··· MATERIAL FOR THE TASK

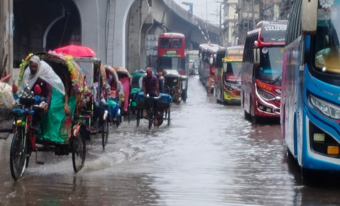 রোববার রাত থেকে সোমবার সকাল পর্যন্ত রাজধানীতে টানা কয়েক ঘণ্টার অবিরাম বৃষ্টি হয়। এতে বেশিরভাগ এলাকার পথঘাট পানিতে ডুবে গেছে। মিরপুর থেকে ছবি তুলেছেন জিএম মুজিবুর
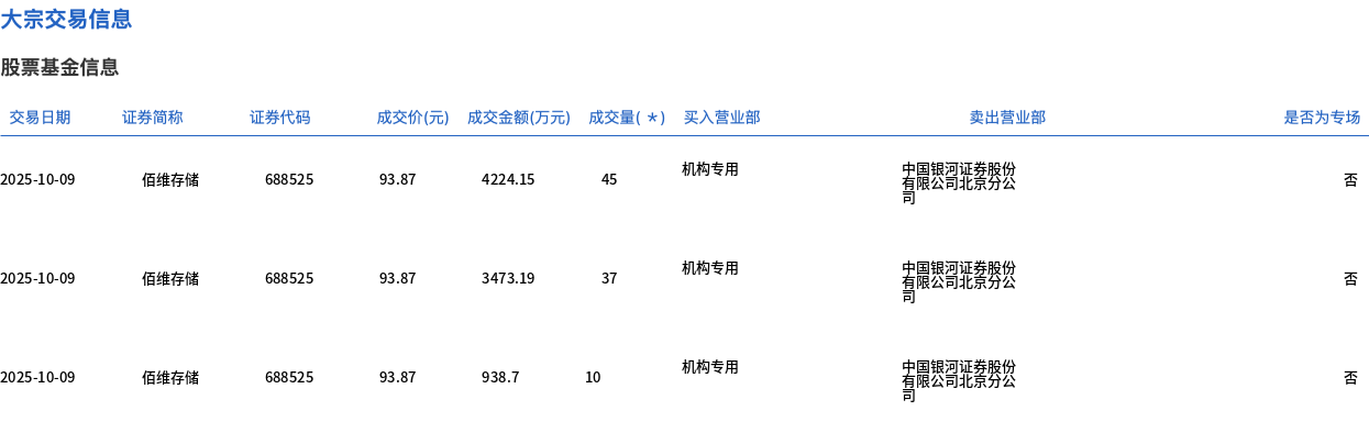 10月9日,佰维存储大宗交易成交95万股,成交额8917.65万元,占当日总成交额的2.13%,成交价93.87元,较市场收盘价106.74元折价12.06%。
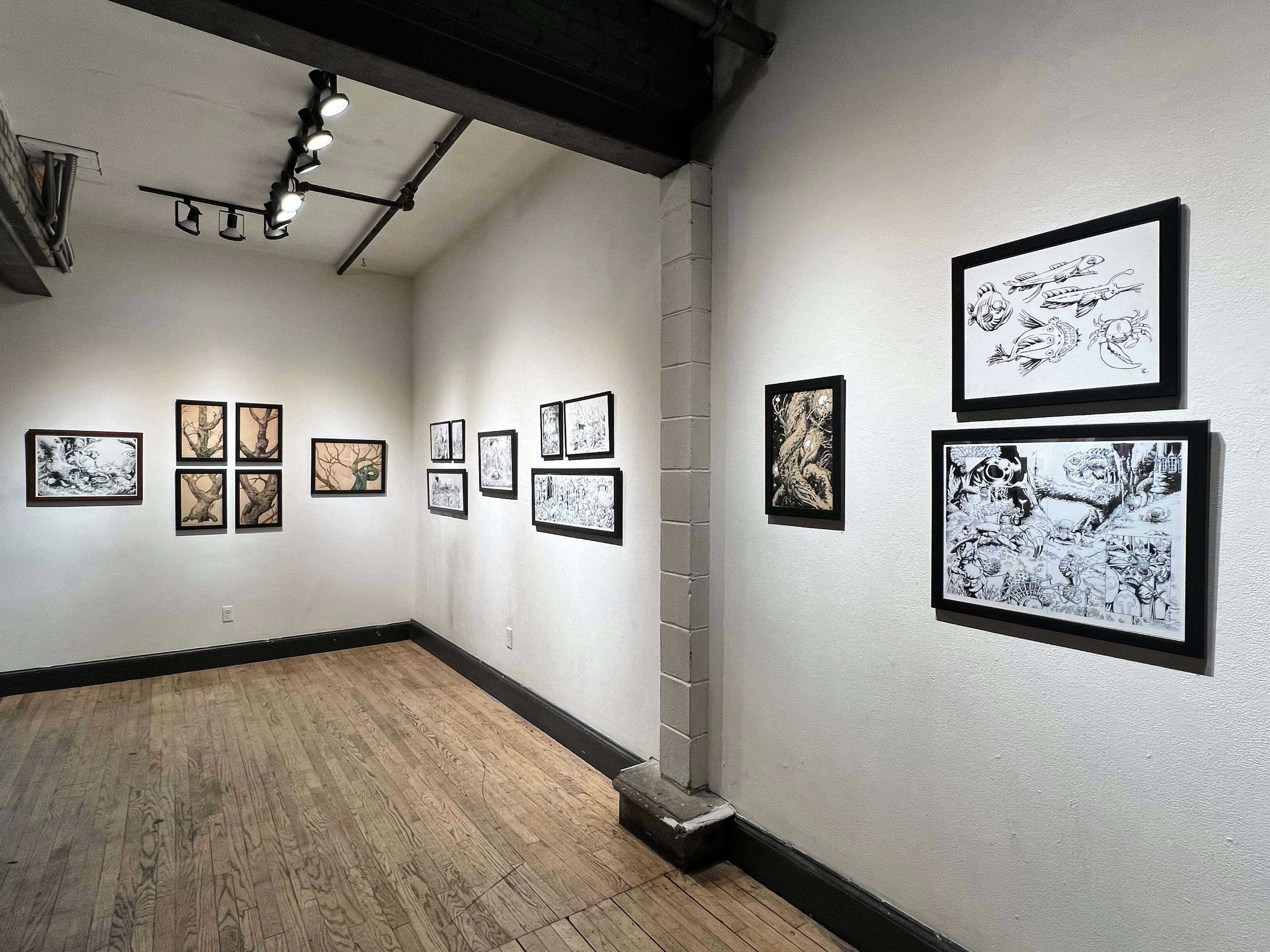 Pen and ink are foundational tools for many artists to shape their work. For Providence-based illustrator Conor Nolan, they are also some of the implements he uses to craft masterful drawings that describe space, narrative, and unique characters. He is currently the subject of an exhibition titled Sapling, on view in the Main Gallery at AS220 in downtown Providence through March 29. A talented maker whose work recalls the golden age of illustration, Conor Nolan is an artist to know.
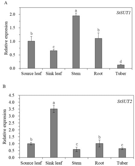 In potatoes, StSUT1, StSUT2, and StSUT4 were isolated []. To determine the gene expression of StSUT1, StSUT2, and StSUT4 in different tissues, qPCR has been performed, and the results indicated that the expression varies among different tissues. The average relative expression pattern of StSUT1 and StSUT4 was 1.94 and 5.41, respectively, in the stem, two- to three-fold higher in comparison with other tissues. StSUT2 expression was 3.52 in sink leaf tissues, remarkably higher than any other potato tissue. StSUT1 and StSUT4 both exhibited the highest expression in the stem, whereas the transcript of StSUT2 was highly abundant in the sink leaf (Figure 2). The StSUT2 level of expression in the roots and source leaf do not differ significantly, with the lowest transcripts in the stem and tuber, as indicated by the results. In contrast, the lowest expressions of StSUT1 and StSUT4 were found in the tuber and source leaf, respectively. StSUT1 shows more expression in the roots and source leaf than in the sink leaf, while the high expression level of StSUT4 was more found in the roots and sink leaf than in the tuber.
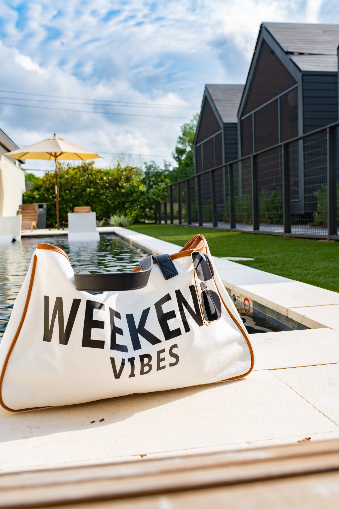 It’s your time to snag this weekend vibes getaway tote bag and fill it with your weekend goodies, your pool day essentials, or treat it as your overnight bag. Say no more!
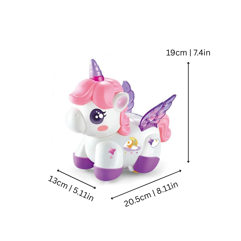 Frolicra boasts fluid 360° rotation and whimsical walking actions that effortlessly capture children's attention. As it twirls and glides, vibrant LED lights sparkle and joyful sounds resonate, forming an immersive play atmosphere that feels dynamic and exhilarating. The unicorn's charming design and animated movements keep kids fascinated, entertained, and eager to join in the fun.
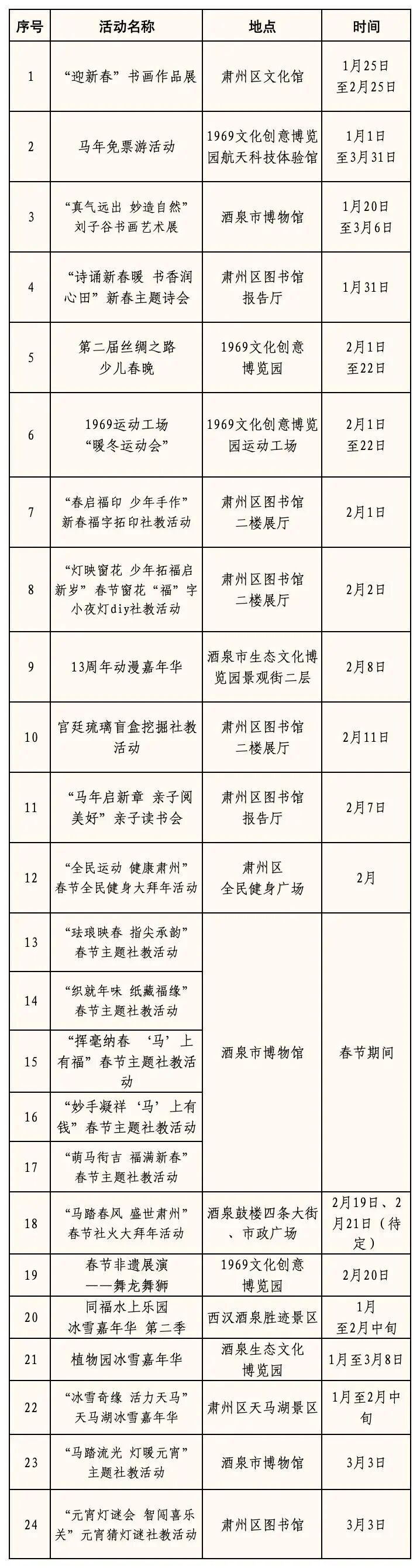 来酒泉一起过大年!2026马年文体旅活动安排来了
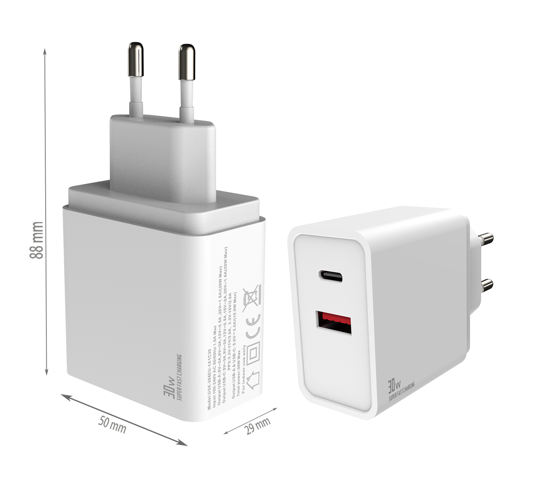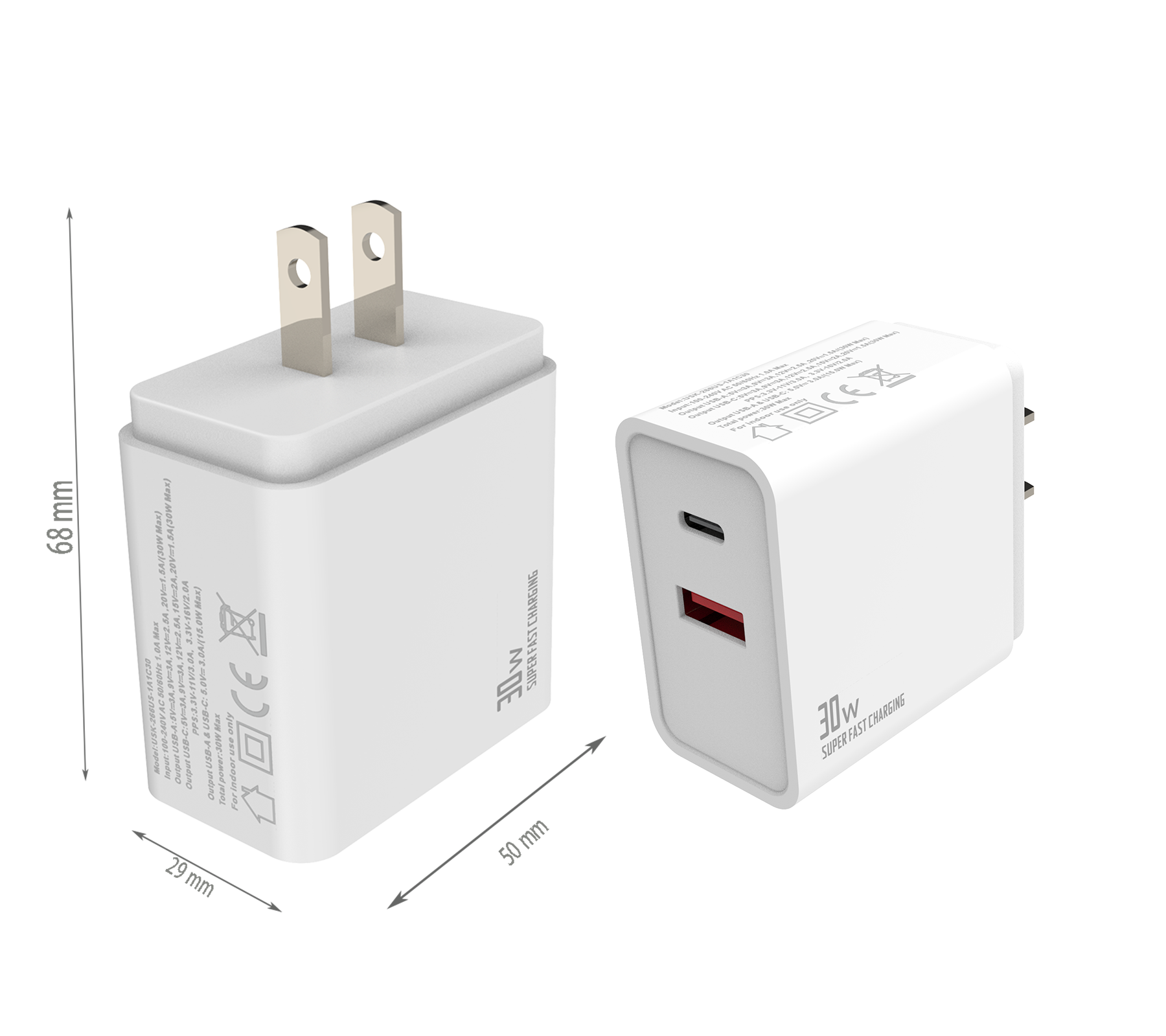 - Output:USB-CF:5V/3A,9V/3A,12V/2.5A, 15V/2A,20V/1.5A(max.30W)
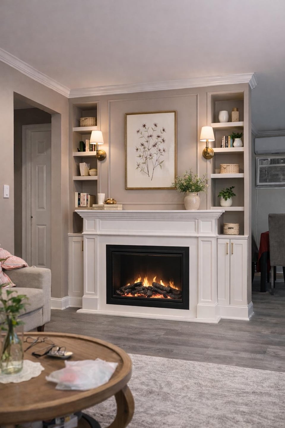 Fireplace with shelves but eliminate sconces
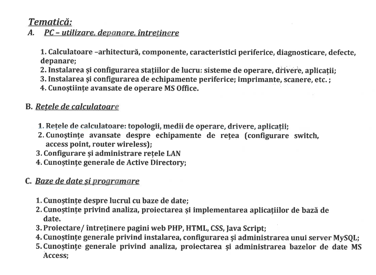 La finalul anuntului se mentioneaza bibliografia pentru concurs, ce legislatie si carti trebuie cunoscute teoretic pentru acel post, plus tehnologiile cerute pentru zona IT. Aici situatia este extrem de asemanatoare cu anunturile din mediul privat deoarece exista tendinta clara de a indesa cam tot ce se poate in acea lista din anunt, un pic si de programare Java, si Pyhton, merge si un SQL, apoi framework-uri de gestioanare a bazelor de date, Microsoft Office, si completam si cu putin Retelistica.
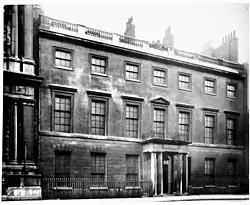 Buckingham House was a residence of the Dukes of Buckingham and Chandos in Pall Mall, London. Designed by the Neoclassical architect Sir John Soane in 1790,[1] it featured the Neo-Palladian style for the three-storey-high frontage. The construction work finished in 1795.[2]
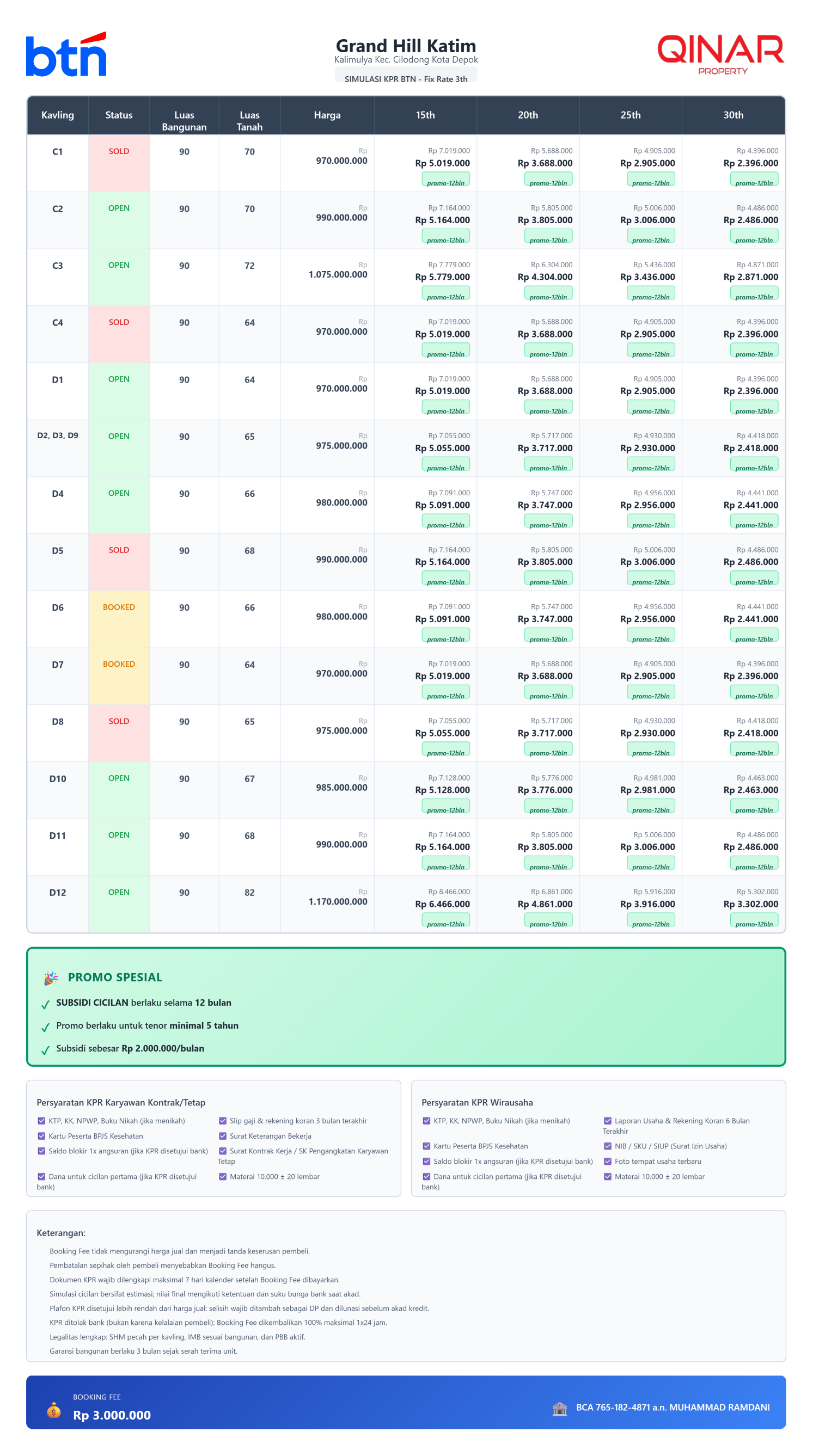 Jangan lewatkan kesempatan untuk memiliki hunian berkualitas di lokasi yang strategis. Segera hubungi kami untuk mendapatkan informasi lebih lanjut dan jadwalkan kunjungan ke Grand Hill Katim. Mari wujudkan impian Anda untuk memiliki rumah yang nyaman dan aman bersama keluarga!
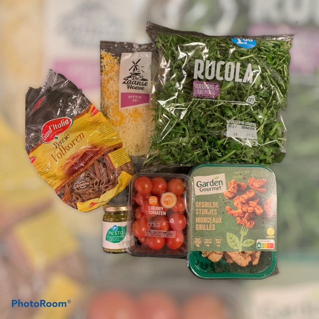 Cook the pasta al dente according to the instructions on the package. Drain and collect 50 ml of cooking liquid (per 2 persons). Meanwhile, heat the grilled pieces in the airfryer for 6 minutes at 160 ° C (not preheated, or otherwise according to the packaging description). Halve the tomatoes and roughly chop the arugula. Mix the pesto, grilled pieces, cheese and the cooking liquid through the pasta. Add the tomato and arugula and season with salt and pepper.
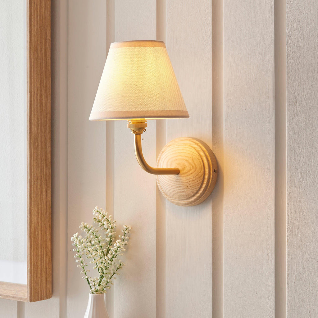 Introducing our exquisite natural Ash wood wall light, featuring a gracefully curved arm and a stunning brushed aged brass finish. This timeless design effortlessly enhances any space, making it the perfect addition to your home. Paired with our elegant vintage & almond white 16cm Ivy shade, this wall light not only illuminates your room but also adds a touch of sophistication. To elevate your bedroom ambiance, explore our coordinated lighting range, designed to complement this wall light beautifully. Create a cohesive and inviting atmosphere with our carefully curated selection of fixtures that harmonize perfectly with your decor. We prioritize your shopping experience, offering secure delivery and hassle-free returns, ensuring your satisfaction every step of the way. Shop with confidence, knowing that your online purchase is safe and protected. Illuminate your home with style and ease today!| Projection | 22.5cm/8.9" |

······

• _WORK REQUIRED_:
Images do not belong in the copy; reproduce all other parts of the records above verbatim.

• _ANSWER BELOW_:
 রোববার রাত থেকে সোমবার সকাল পর্যন্ত রাজধানীতে টানা কয়েক ঘণ্টার অবিরাম বৃষ্টি হয়। এতে বেশিরভাগ এলাকার পথঘাট পানিতে ডুবে গেছে। মিরপুর থেকে ছবি তুলেছেন জিএম মুজিবুর
 10月9日,佰维存储大宗交易成交95万股,成交额8917.65万元,占当日总成交额的2.13%,成交价93.87元,较市场收盘价106.74元折价12.06%。
 Pen and ink are foundational tools for many artists to shape their work. For Providence-based illustrator Conor Nolan, they are also some of the implements he uses to craft masterful drawings that describe space, narrative, and unique characters. He is currently the subject of an exhibition titled Sapling, on view in the Main Gallery at AS220 in downtown Providence through March 29. A talented maker whose work recalls the golden age of illustration, Conor Nolan is an artist to know.
 In potatoes, StSUT1, StSUT2, and StSUT4 were isolated []. To determine the gene expression of StSUT1, StSUT2, and StSUT4 in different tissues, qPCR has been performed, and the results indicated that the expression varies among different tissues. The average relative expression pattern of StSUT1 and StSUT4 was 1.94 and 5.41, respectively, in the stem, two- to three-fold higher in comparison with other tissues. StSUT2 expression was 3.52 in sink leaf tissues, remarkably higher than any other potato tissue. StSUT1 and StSUT4 both exhibited the highest expression in the stem, whereas the transcript of StSUT2 was highly abundant in the sink leaf (Figure 2). The StSUT2 level of expression in the roots and source leaf do not differ significantly, with the lowest transcripts in the stem and tuber, as indicated by the results. In contrast, the lowest expressions of StSUT1 and StSUT4 were found in the tuber and source leaf, respectively. StSUT1 shows more expression in the roots and source leaf than in the sink leaf, while the high expression level of StSUT4 was more found in the roots and sink leaf than in the tuber.
 It’s your time to snag this weekend vibes getaway tote bag and fill it with your weekend goodies, your pool day essentials, or treat it as your overnight bag. Say no more!
 Frolicra boasts fluid 360° rotation and whimsical walking actions that effortlessly capture children's attention. As it twirls and glides, vibrant LED lights sparkle and joyful sounds resonate, forming an immersive play atmosphere that feels dynamic and exhilarating. The unicorn's charming design and animated movements keep kids fascinated, entertained, and eager to join in the fun.
 来酒泉一起过大年!2026马年文体旅活动安排来了
 - Output:USB-CF:5V/3A,9V/3A,12V/2.5A, 15V/2A,20V/1.5A(max.30W)
 Fireplace with shelves but eliminate sconces
 La finalul anuntului se mentioneaza bibliografia pentru concurs, ce legislatie si carti trebuie cunoscute teoretic pentru acel post, plus tehnologiile cerute pentru zona IT. Aici situatia este extrem de asemanatoare cu anunturile din mediul privat deoarece exista tendinta clara de a indesa cam tot ce se poate in acea lista din anunt, un pic si de programare Java, si Pyhton, merge si un SQL, apoi framework-uri de gestioanare a bazelor de date, Microsoft Office, si completam si cu putin Retelistica.
 Buckingham House was a residence of the Dukes of Buckingham and Chandos in Pall Mall, London. Designed by the Neoclassical architect Sir John Soane in 1790,[1] it featured the Neo-Palladian style for the three-storey-high frontage. The construction work finished in 1795.[2]
 Jangan lewatkan kesempatan untuk memiliki hunian berkualitas di lokasi yang strategis. Segera hubungi kami untuk mendapatkan informasi lebih lanjut dan jadwalkan kunjungan ke Grand Hill Katim. Mari wujudkan impian Anda untuk memiliki rumah yang nyaman dan aman bersama keluarga!
 Cook the pasta al dente according to the instructions on the package. Drain and collect 50 ml of cooking liquid (per 2 persons). Meanwhile, heat the grilled pieces in the airfryer for 6 minutes at 160 ° C (not preheated, or otherwise according to the packaging description). Halve the tomatoes and roughly chop the arugula. Mix the pesto, grilled pieces, cheese and the cooking liquid through the pasta. Add the tomato and arugula and season with salt and pepper.
 Introducing our exquisite natural Ash wood wall light, featuring a gracefully curved arm and a stunning brushed aged brass finish. This timeless design effortlessly enhances any space, making it the perfect addition to your home. Paired with our elegant vintage & almond white 16cm Ivy shade, this wall light not only illuminates your room but also adds a touch of sophistication. To elevate your bedroom ambiance, explore our coordinated lighting range, designed to complement this wall light beautifully. Create a cohesive and inviting atmosphere with our carefully curated selection of fixtures that harmonize perfectly with your decor. We prioritize your shopping experience, offering secure delivery and hassle-free returns, ensuring your satisfaction every step of the way. Shop with confidence, knowing that your online purchase is safe and protected. Illuminate your home with style and ease today!| Projection | 22.5cm/8.9" |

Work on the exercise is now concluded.